Le funzioni preposte a tali controlli sono distinte da quelle produttive; esse concorrono alla definizione delle politiche di governo dei rischi e del processo di gestione dei rischi;

  • revisione interna (cosiddetti “controlli di terzo livello”), volta a individuare violazioni delle procedure e della regolamentazione nonché a valutare periodicamente la completezza, l’adeguatezza, la funzionalità (in termini di efficienza ed efficacia) e l’affidabilità del sistema dei controlli interni e del sistema informativo (ICT audit), con cadenza prefissata in relazione alla natura e all’intensità dei rischi. La funzione di revisione interna è volta, da un lato, a controllare, in un’ottica di controlli di terzo livello, anche con verifiche in loco, il regolare andamento dell’operatività e l’evoluzione dei rischi, e, dall’altro, a valutare la completezza, l’adeguatezza, la funzionalità e l’affidabilità della struttura organizzativa e delle altre componenti del sistema dei controlli interni, portando all’attenzione degli organi aziendali i possibili miglioramenti, con particolare riferimento al RAF, al processo di gestione dei rischi nonché agli strumenti di misurazione e controllo degli stessi. Sulla base dei risultati dei propri controlli formula raccomandazioni agli organi aziendali.

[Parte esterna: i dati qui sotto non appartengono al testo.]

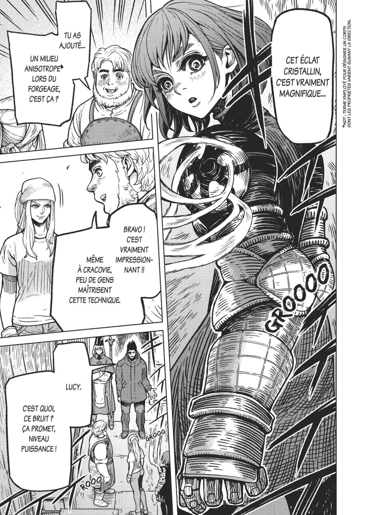 Armée de sa nouvelle armure, Lucja entre dans l’arène pour le combat décisif l’opposant au cruel capitaine des hussards. Une bataille acharnée commence alors. Pendant le combat, Albert révèle la raison de sa haine envers les chevaliers-vapeurs, et nous en apprenons davantage sur son passé. Cependant, sa haine ne suffit pas pour vaincre la chevaleresse aux poings d’acier, qui remporte la victoire. Après avoir fait innocenter Lucy et son maître, Lucja part à la rencontre du roi-chevalier, pour atteindre son prochain objectif...L’auteur conclut avec brio les aventures de Lucja, chevaleresse aux poings d’acier.

Controlli interni necessari per la compliance al GDPR

Svolgere regolarmente attività di verifiche interne ed implementare un sistema di controlli interni la cui complessità deve essere proporzionale da un lato al rischio e dall’altro alla struttura dell’azienda è sempre più una necessità imposta dai vari enti normativi.

Lo stesso GDPR, la cui applicazione coinvolge aziende ed enti di ogni dimensione richiede ai titolari di essere in grado di dimostrare la propria conformità alla norma.

Al riguardo il WP29 nel suo parere WP 173 Parere 3/2010 indicava lo strumento utile a tale fine:

53. Esistono vari metodi a disposizione dei titolari del trattamento per valutare l’efficacia (o l’inefficacia) delle misure. Per il trattamento di dati di maggiori dimensioni, più complesso e ad alto rischio, gli audit interni ed esterni sono metodi comuni di verifica. Anche il modo in cui vengono condotti gli audit può variare, da audit completi ad audit negativi (che possono a loro volta assumere forme diverse).

Del resto, lo stesso DPO (art. 39, paragrafo b del GDPR) è chiamato a svolgere fra i propri compiti una attività di verifica a vari livelli:

b) sorvegliare l’osservanza del presente regolamento, di altre disposizioni dell’Unione o degli Stati membri relative alla protezione dei dati nonché delle politiche del titolare del trattamento o del responsabile del trattamento in materia di protezione dei dati personali, compresi l’attribuzione delle responsabilità, la sensibilizzazione e la formazione del personale che partecipa ai trattamenti e alle connesse attività di controllo;

motivo per cui sia le norme UNI 11697 prima citate relative alle figure professionali privacy, sia l’unica certificazione per DPO emessa da un’Autorità Garante prevedono espressamente tali competenze.